Jika dirupiahkan, uang yang dibawa tersangka oknum hakim Arif senilai Rp 18 miliar. Uang tersebut diserahkan kepada oknum hakim Djuyamto.

“ASB menerima uang dolar bila dirupiahkan Rp 4,5 miliar, DJU menerima uang dolar jika dirupiahkan Rp 6 miliar, dan AL menerima uang berupa dolar Amerika bila disetarakan rupiah Rp 5 miliar,” kata Qohar.

Ketiga oknum hakim itu, jelas Qohar, mengetahui tujuan penerimaan uang tersebut agar perkara diputus onslag alias divonis lepas.

Sebelumnya, Kejagung sudah menetapkan 4 tersangka suap dan gratifikasi putusan onslag ini. Mereka adalah, pihaknya telah menetapkan Muhammad Arif Suryanta mantan Wakil Ketua PN Jakpus yanv kini menjabat Ketua PN Jaksel. Kemudian Wahyu Wiguna (WG) yang kini merupakan panitera muda di PN Jakarta Utara. Lalu,  Marcella Santoso (MS) dan Ariyanto (AR) keduanya berprofesi sebagai pengacara. Total tersangka dalam kasus suap ini menjadi 7 tersangka, 4 oknum hakim, satu oknum panitera dan 2 oknum advokad.

Seperti diberitakan di media online ini  kasus suap ini bermula saat Majelis hakim di Pengadilan Negeri Jakarta Pusat yang mengadili kasus ini memberikan vonis lepas kepada tiga terdakwa korporasi itu pada 19 Maret 2025. Padahal, tuntutan jaksa tiga terdakwa korporasi itu harus mengganti kerugian negara sekitar Rp 5 triliun.

“Kemudian terhadap tuntutan tersebut, masing-masing terdakwa korporasi diputus oleh majelis hakim, yaitu terbukti melakukan perbuatan yang didakwakan kepadanya, akan tetapi perbuatan itu bukanlah merupakan suatu tindak pidana oleh majelis hakim Pengadilan Negeri Tindak Pidana Korupsi pada Pengadilan Negeri Jakarta Pusat,” kata Abdul Qohar.
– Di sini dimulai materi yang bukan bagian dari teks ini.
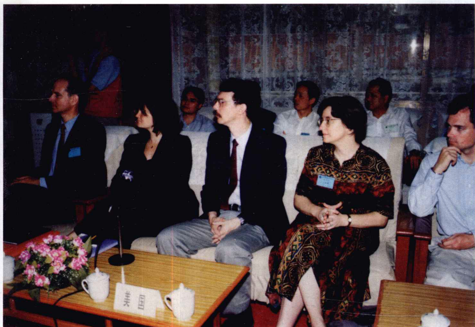
↑ 出席研讨会的外国学者在小组讨论会上。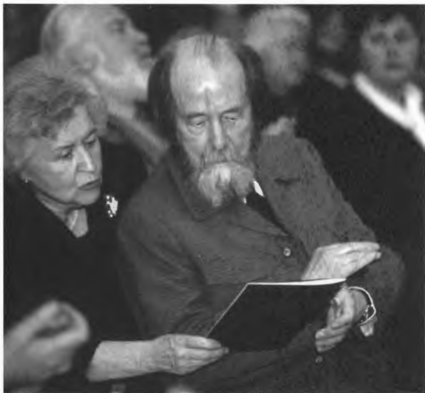
И. А. Антонова и А. И. Солженицын на «Декабрьских вечерах» в Государственном музее изобразительных искусств им. А. С. Пушкина Москва. 1997

Tim penyidik Kejagung lalu mencium kejanggalan dalam putusan lepas itu. Serangkaian pengusutan lalu mengungkap adanya dugaan suap yang dilakukan pengacara terdakwa korporasi, Marcella Santoso dan Ariyanto kepada Muhammad Arif Nuryanta yang saat itu masih menjabat sebagai Wakil Ketua Pengadilan Negeri Jakarta Pusat.